Required work: The reply should hold only the lines from the one with "At White Spruce, we" to the one with "Set of 6 silverplate", both ends kept, exactly as they appear below, without any pictures.

Supplied material:
*** Begin section ***

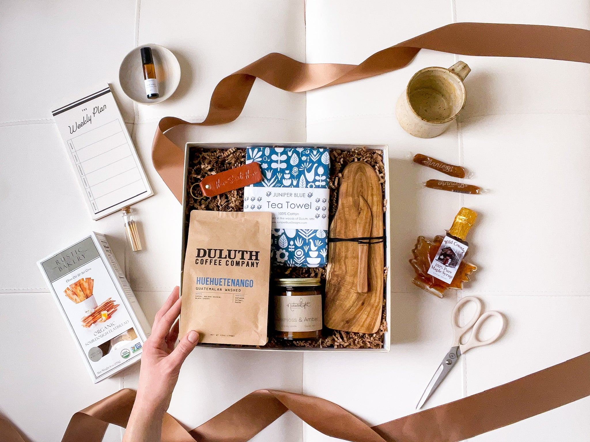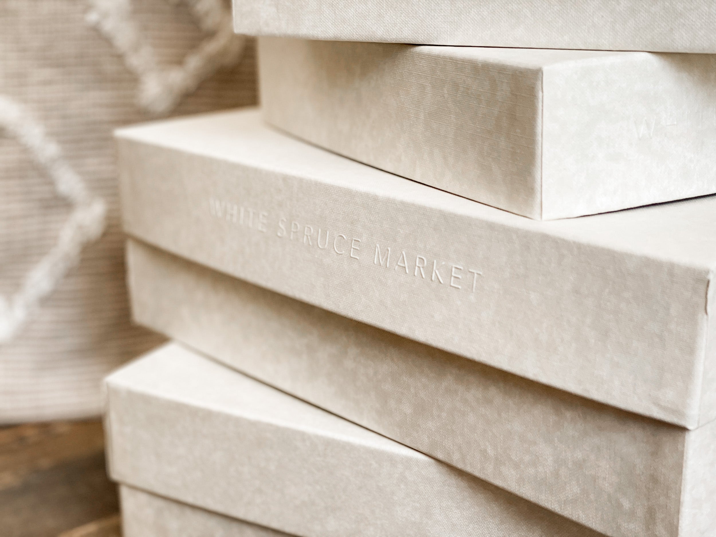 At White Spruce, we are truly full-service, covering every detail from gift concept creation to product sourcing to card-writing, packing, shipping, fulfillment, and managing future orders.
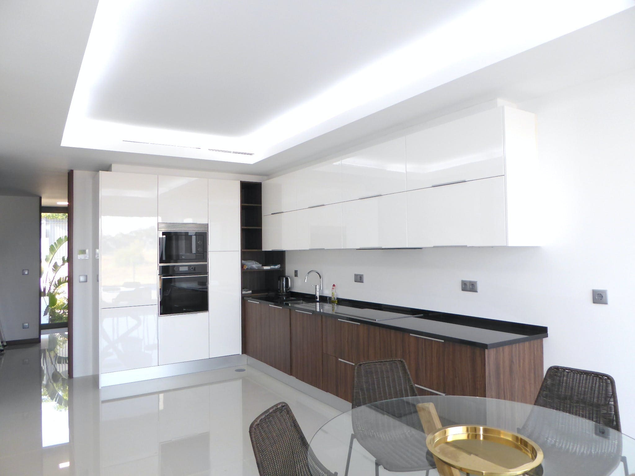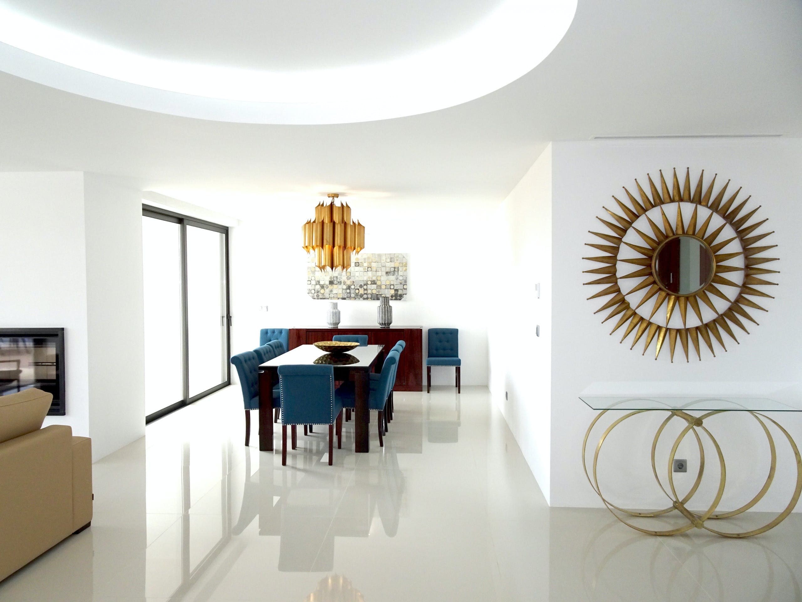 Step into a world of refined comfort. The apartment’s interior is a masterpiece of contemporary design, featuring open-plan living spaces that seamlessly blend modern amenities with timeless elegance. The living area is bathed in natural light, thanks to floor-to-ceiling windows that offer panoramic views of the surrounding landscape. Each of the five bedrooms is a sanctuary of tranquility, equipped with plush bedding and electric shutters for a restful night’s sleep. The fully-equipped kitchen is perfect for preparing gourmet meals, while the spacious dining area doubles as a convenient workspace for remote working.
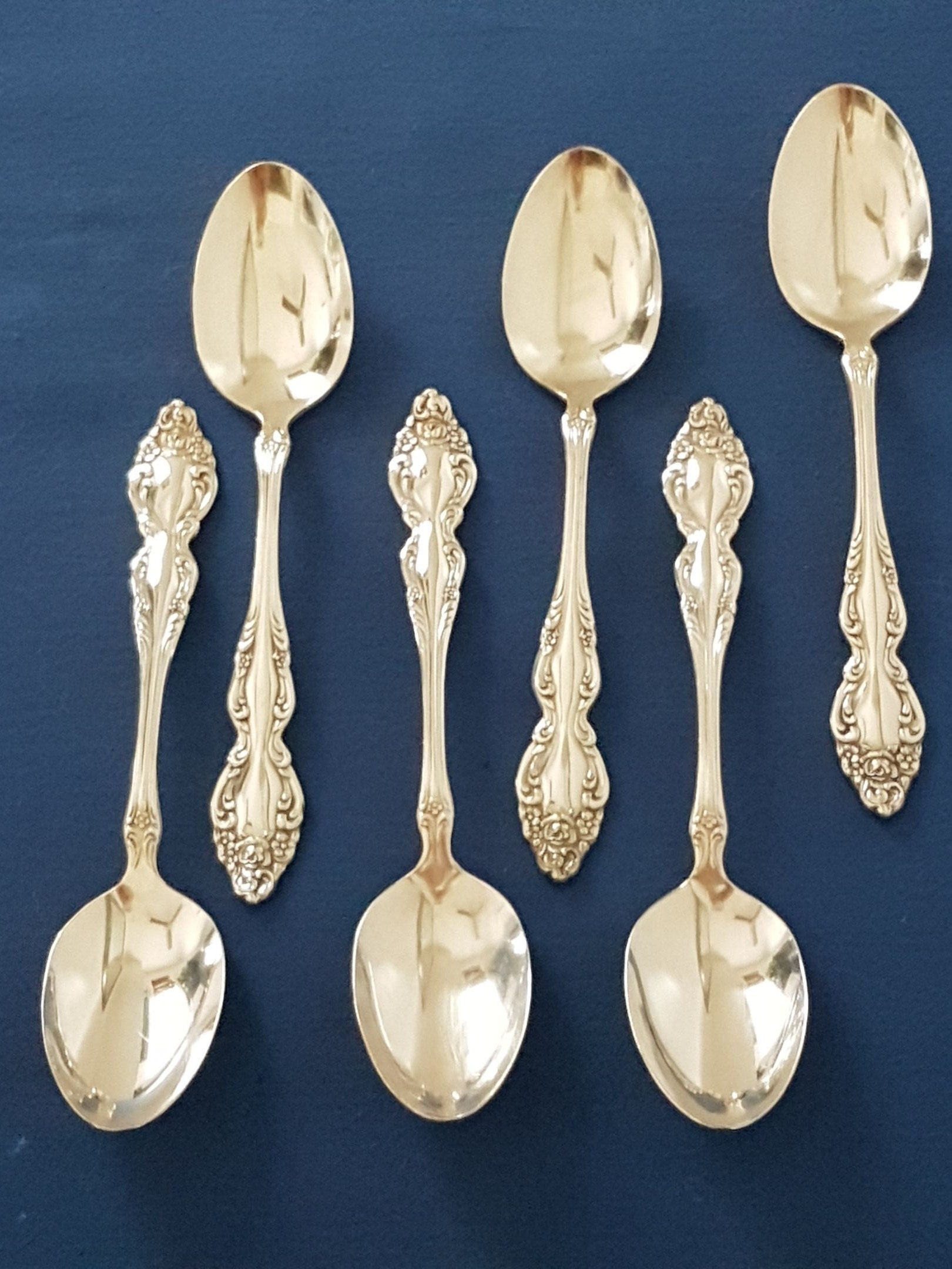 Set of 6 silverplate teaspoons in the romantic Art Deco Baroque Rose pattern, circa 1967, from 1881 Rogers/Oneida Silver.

*** End section ***
*** Begin section ***

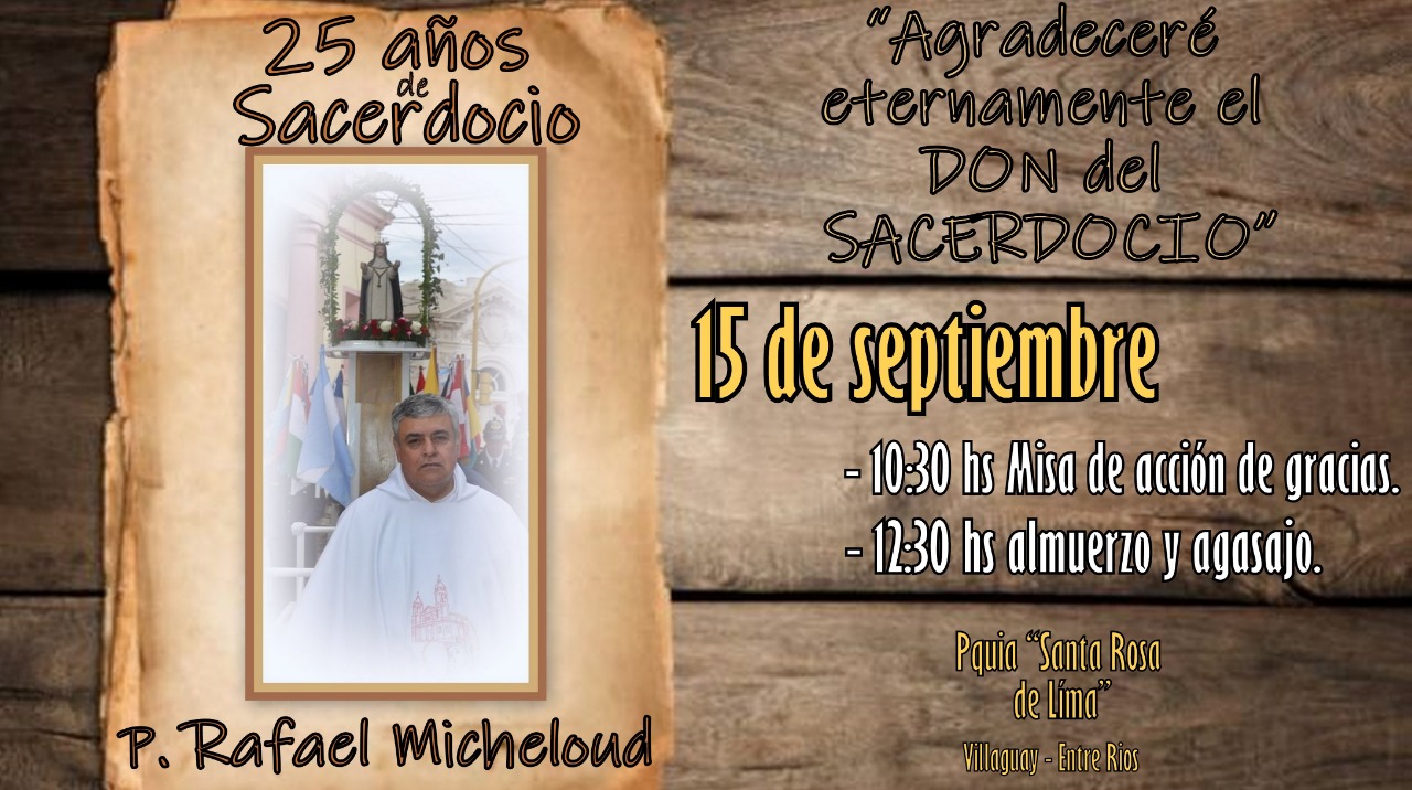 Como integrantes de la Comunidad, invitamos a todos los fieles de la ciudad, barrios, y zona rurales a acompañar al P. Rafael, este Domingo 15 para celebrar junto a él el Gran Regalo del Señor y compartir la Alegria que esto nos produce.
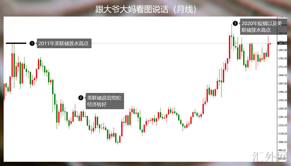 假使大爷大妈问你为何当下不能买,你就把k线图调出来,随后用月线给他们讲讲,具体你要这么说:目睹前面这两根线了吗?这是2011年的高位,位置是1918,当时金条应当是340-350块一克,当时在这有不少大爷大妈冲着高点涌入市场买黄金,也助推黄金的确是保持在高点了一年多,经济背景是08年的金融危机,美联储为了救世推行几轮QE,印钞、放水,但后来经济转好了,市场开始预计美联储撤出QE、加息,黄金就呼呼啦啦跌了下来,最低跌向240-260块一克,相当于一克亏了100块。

*** End section ***
*** Begin section ***

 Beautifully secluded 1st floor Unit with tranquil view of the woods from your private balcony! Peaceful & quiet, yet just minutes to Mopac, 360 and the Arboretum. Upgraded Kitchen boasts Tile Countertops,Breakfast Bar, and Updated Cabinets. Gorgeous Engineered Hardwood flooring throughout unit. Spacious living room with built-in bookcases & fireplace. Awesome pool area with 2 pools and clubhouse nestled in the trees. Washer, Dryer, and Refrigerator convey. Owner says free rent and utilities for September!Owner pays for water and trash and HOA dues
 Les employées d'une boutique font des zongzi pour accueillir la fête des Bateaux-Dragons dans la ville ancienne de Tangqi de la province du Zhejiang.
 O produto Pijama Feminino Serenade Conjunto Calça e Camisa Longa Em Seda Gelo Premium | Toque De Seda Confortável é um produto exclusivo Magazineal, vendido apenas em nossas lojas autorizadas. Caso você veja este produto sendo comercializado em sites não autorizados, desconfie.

*** End section ***

Problem solution:
 At White Spruce, we are truly full-service, covering every detail from gift concept creation to product sourcing to card-writing, packing, shipping, fulfillment, and managing future orders.
 Step into a world of refined comfort. The apartment’s interior is a masterpiece of contemporary design, featuring open-plan living spaces that seamlessly blend modern amenities with timeless elegance. The living area is bathed in natural light, thanks to floor-to-ceiling windows that offer panoramic views of the surrounding landscape. Each of the five bedrooms is a sanctuary of tranquility, equipped with plush bedding and electric shutters for a restful night’s sleep. The fully-equipped kitchen is perfect for preparing gourmet meals, while the spacious dining area doubles as a convenient workspace for remote working.
 Set of 6 silverplate teaspoons in the romantic Art Deco Baroque Rose pattern, circa 1967, from 1881 Rogers/Oneida Silver.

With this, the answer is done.